Wage and Tax Statement showing employer info, earnings, and federal/state withholdings.

1099-MISC

Miscellaneous income reported for rent, royalties, and other payments.

1099-NEC

Nonemployee Compensation for independent contractor payments of $600 or more.

Supported tax forms

Sensible supports all major IRS forms (W-2, 1099 variants, 1040, 1120, K-1) with pre-built configurations. Our hybrid approach handles layout changes between IRS revision years automatically.

Federal forms

W-2, 1099-MISC, 1099-NEC, 1099-INT, 1099-DIV, 1099-R, 1040, Schedule C, Schedule E, Schedule K-1

State and supplemental

State W-2 supplements, state income tax returns, W-9, 4506-T, tax transcripts

Trusted by operations and engineering teams at

Common Questions

Answers about IRS form support, box-level precision, and cross-form validation.

Can Sensible handle tax forms from multiple years?

Yes. Sensible detects the tax year from the form and handles layout changes between IRS revision years. You can process returns from different years without changing your extraction configuration.

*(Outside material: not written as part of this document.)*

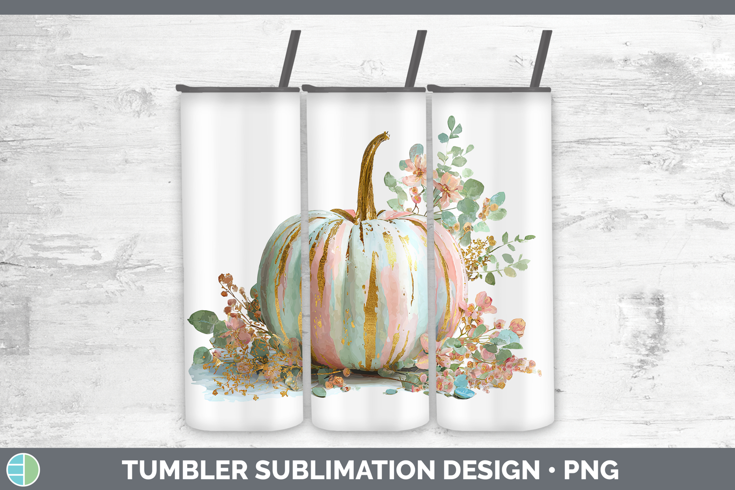 Botanical Pumpkin Autumn Pastel Brush Strokes Tumbler Sublim

Which tax forms does Sensible support?

Sensible processes W-2s, 1099 variants (MISC, NEC, INT, DIV, R), 1040 returns, and schedules. Pre-built templates are available in the configuration library.

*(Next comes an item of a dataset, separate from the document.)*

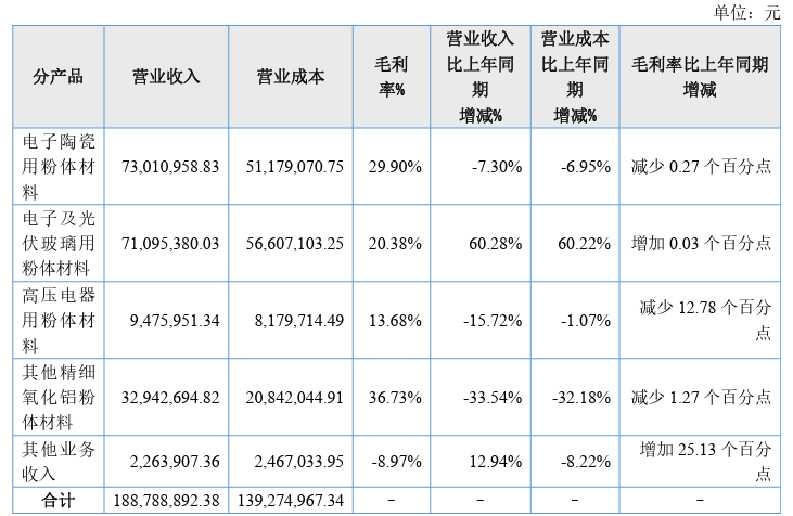 緊抓液晶基板玻璃發(fā)展戰(zhàn)略機遇期,配合下游主要客戶擴產(chǎn)需求,同時覆蓋新領(lǐng)域新客戶,電子玻璃類粉體全年銷售收入較上年同期增長60.28%。

Does Sensible validate tax form data?

Yes. Validation rules check that wage totals match across boxes, that EIN and SSN formats are correct, and that calculated fields reconcile with their components.

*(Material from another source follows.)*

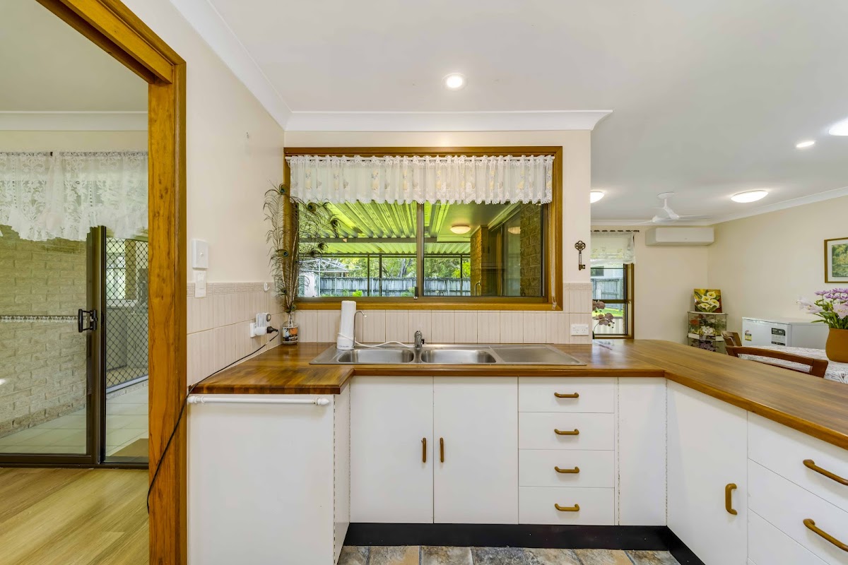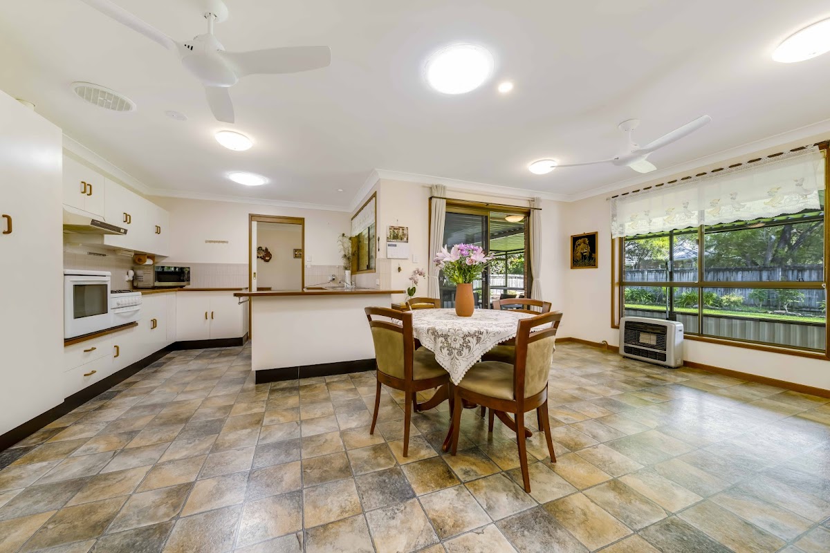 Enter into the lounge which flows through into the rear entertaining area. The open plan kitchen, dining and family room also opens onto the insect proof enclosed verandah.This is a great feature of the house, offering multiple options.

Does Sensible handle state tax forms?

Sensible can be configured for any state tax form. Pre-built templates focus on federal forms, but SenseML configurations for state-specific forms can be set up quickly.

Do you support webhooks?

Yes. Sensible sends extraction results to your webhook endpoint when processing completes. You can also poll the API for status.

Does Sensible support human review?

Yes. Sensible flags extractions with low confidence for human review. You can configure review thresholds and workflows.

What security certifications does Sensible have?

Sensible is SOC 2 Type II certified and HIPAA compliant. Data is encrypted in transit and at rest.

How long is document data retained?

Document data is stored indefinitely by default. Custom retention policies are available and can be configured for same-day deletion if needed.

Is there a free trial?

Yes. Sensible offers a 14-day free trial on the Growth plan. No credit card required to start.

How is pricing structured?

Sensible uses per-document pricing for predictable costs. No token-based billing or usage surprises. Volume discounts are available for higher throughput.

How do I integrate with Sensible?

Sensible provides REST APIs and SDKs for Python and Node.js. Most integrations take a few hours. Webhooks, Zapier, and direct API calls are all supported.

What file formats does Sensible support?

Sensible processes PDFs (native or scanned), Microsoft Word (DOC, DOCX), spreadsheets (XLSX, XLS, CSV), single-page images (JPEG, PNG), multi-page images (TIFF), and email bodies with attachments.

How accurate is the extraction?

Accuracy depends on document quality and configuration. Most production deployments achieve 95%+ accuracy with proper validation rules and confidence signals.

How fast is document processing?

Processing speed depends on document size, page count, OCR requirements, and which extraction methods are used. Simple single-page documents process in seconds. Larger or more complex documents that use LLM-based extraction take longer.